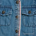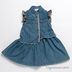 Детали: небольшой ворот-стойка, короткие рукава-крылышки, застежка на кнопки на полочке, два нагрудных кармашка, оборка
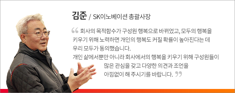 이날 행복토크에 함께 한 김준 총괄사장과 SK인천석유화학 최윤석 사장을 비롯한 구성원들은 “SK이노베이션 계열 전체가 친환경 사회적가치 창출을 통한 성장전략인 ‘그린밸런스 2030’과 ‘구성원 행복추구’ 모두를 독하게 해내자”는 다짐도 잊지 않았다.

--

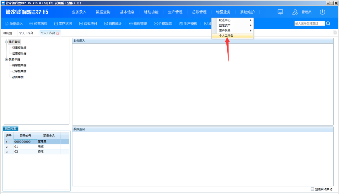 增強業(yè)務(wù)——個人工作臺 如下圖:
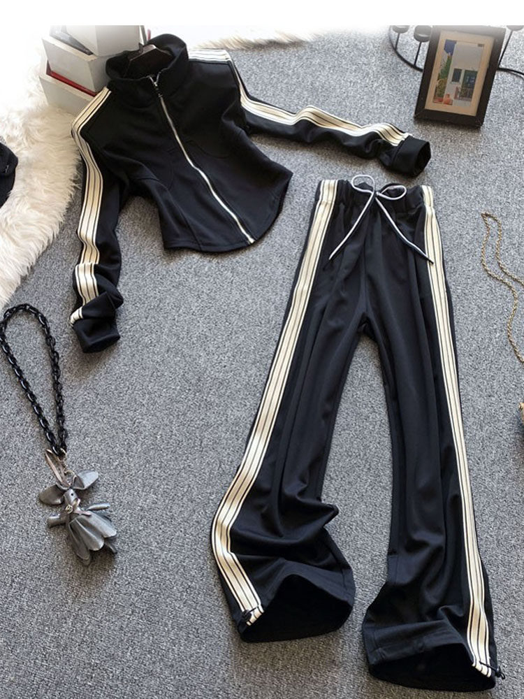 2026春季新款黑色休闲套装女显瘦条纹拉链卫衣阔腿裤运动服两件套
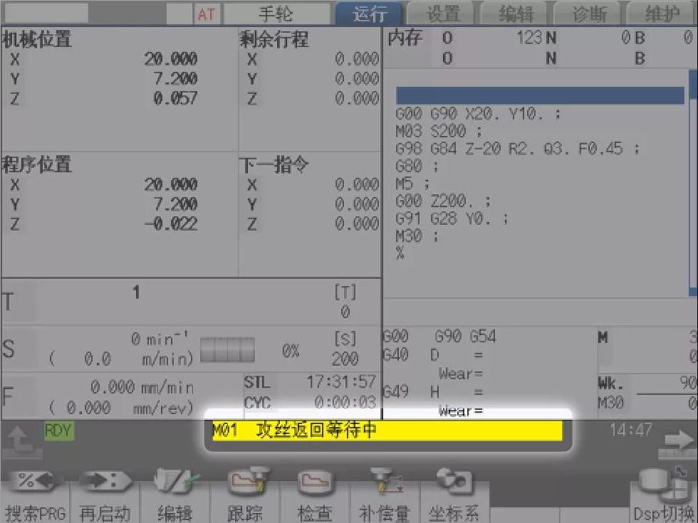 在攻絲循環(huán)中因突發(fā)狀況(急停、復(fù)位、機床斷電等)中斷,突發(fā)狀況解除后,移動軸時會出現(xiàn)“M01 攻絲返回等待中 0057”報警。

...

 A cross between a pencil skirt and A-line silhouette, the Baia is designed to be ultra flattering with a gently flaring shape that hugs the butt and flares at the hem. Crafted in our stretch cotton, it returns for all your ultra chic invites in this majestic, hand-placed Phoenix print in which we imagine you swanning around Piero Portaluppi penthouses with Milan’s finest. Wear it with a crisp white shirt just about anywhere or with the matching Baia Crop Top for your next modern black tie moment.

§ **WHAT IS NEEDED**: In the records above, everything from the line with "Детали: небольшой ворот-стойка, короткие" down to the line with "이날 행복토크에 함께" is to be set down exactly, both ends included, with no pictures and no other lines.

§ **ANSWER FOR THE TASK**:
 Детали: небольшой ворот-стойка, короткие рукава-крылышки, застежка на кнопки на полочке, два нагрудных кармашка, оборка
 이날 행복토크에 함께 한 김준 총괄사장과 SK인천석유화학 최윤석 사장을 비롯한 구성원들은 “SK이노베이션 계열 전체가 친환경 사회적가치 창출을 통한 성장전략인 ‘그린밸런스 2030’과 ‘구성원 행복추구’ 모두를 독하게 해내자”는 다짐도 잊지 않았다.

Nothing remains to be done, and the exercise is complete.